## AIM OF THE TASK:
Please return, exactly and only, the lines beginning at the top of the entries below and ending with the line containing "Terminal Wire Rated"; keep out the pictures.

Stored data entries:
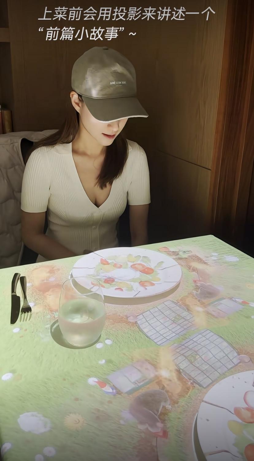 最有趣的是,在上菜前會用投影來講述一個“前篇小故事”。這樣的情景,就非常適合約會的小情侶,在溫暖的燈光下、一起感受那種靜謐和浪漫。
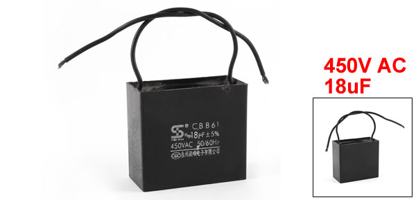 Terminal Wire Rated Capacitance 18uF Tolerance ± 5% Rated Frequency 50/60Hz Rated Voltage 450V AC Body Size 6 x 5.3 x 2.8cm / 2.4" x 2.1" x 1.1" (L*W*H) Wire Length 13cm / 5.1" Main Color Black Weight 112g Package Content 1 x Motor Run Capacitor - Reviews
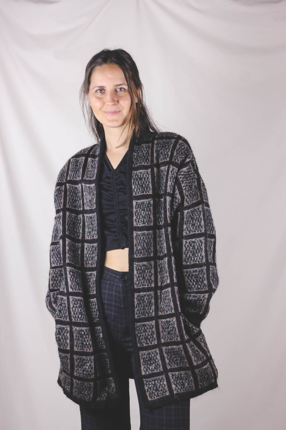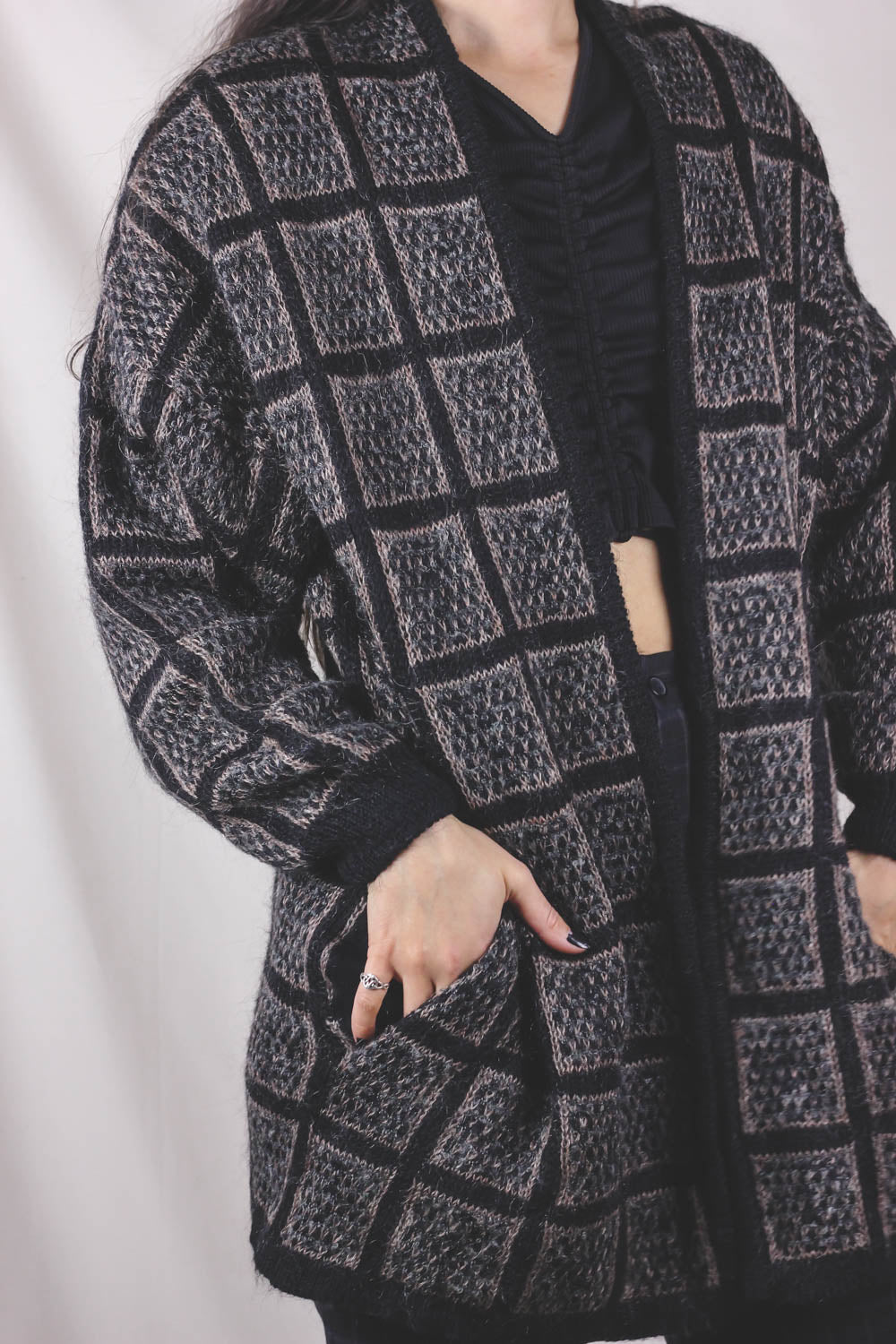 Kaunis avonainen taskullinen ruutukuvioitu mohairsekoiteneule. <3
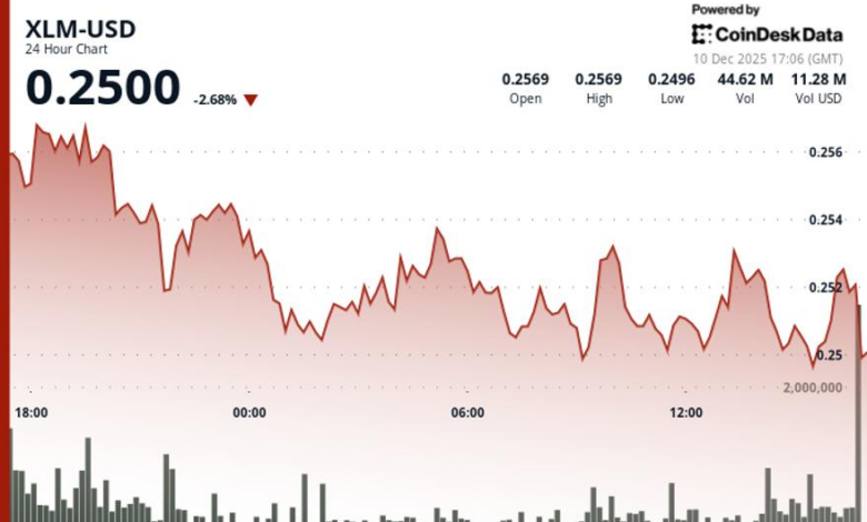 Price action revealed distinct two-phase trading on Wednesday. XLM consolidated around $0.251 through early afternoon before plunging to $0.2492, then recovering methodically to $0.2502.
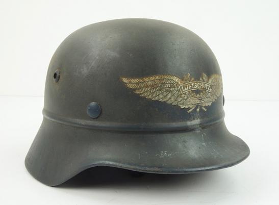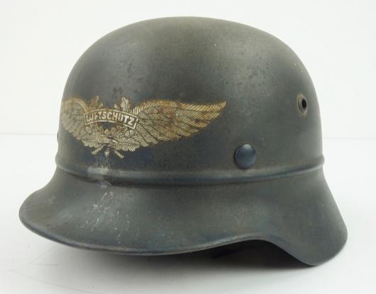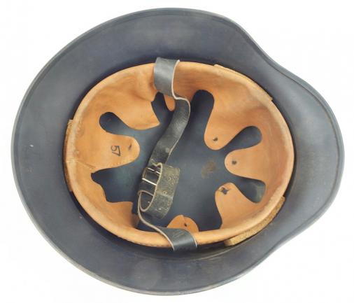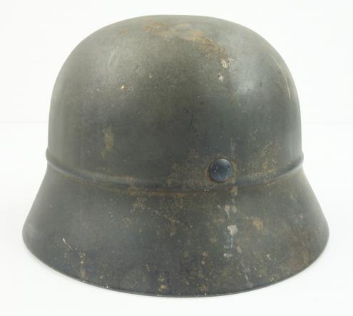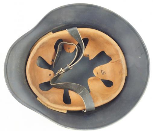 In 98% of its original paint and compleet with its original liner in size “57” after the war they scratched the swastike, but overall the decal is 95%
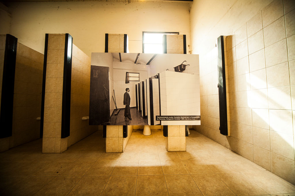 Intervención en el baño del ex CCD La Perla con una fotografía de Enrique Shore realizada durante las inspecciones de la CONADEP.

## ANSWER FOR THIS EXERCISE:
 最有趣的是,在上菜前會用投影來講述一個“前篇小故事”。這樣的情景,就非常適合約會的小情侶,在溫暖的燈光下、一起感受那種靜謐和浪漫。
 Terminal Wire Rated Capacitance 18uF Tolerance ± 5% Rated Frequency 50/60Hz Rated Voltage 450V AC Body Size 6 x 5.3 x 2.8cm / 2.4" x 2.1" x 1.1" (L*W*H) Wire Length 13cm / 5.1" Main Color Black Weight 112g Package Content 1 x Motor Run Capacitor - Reviews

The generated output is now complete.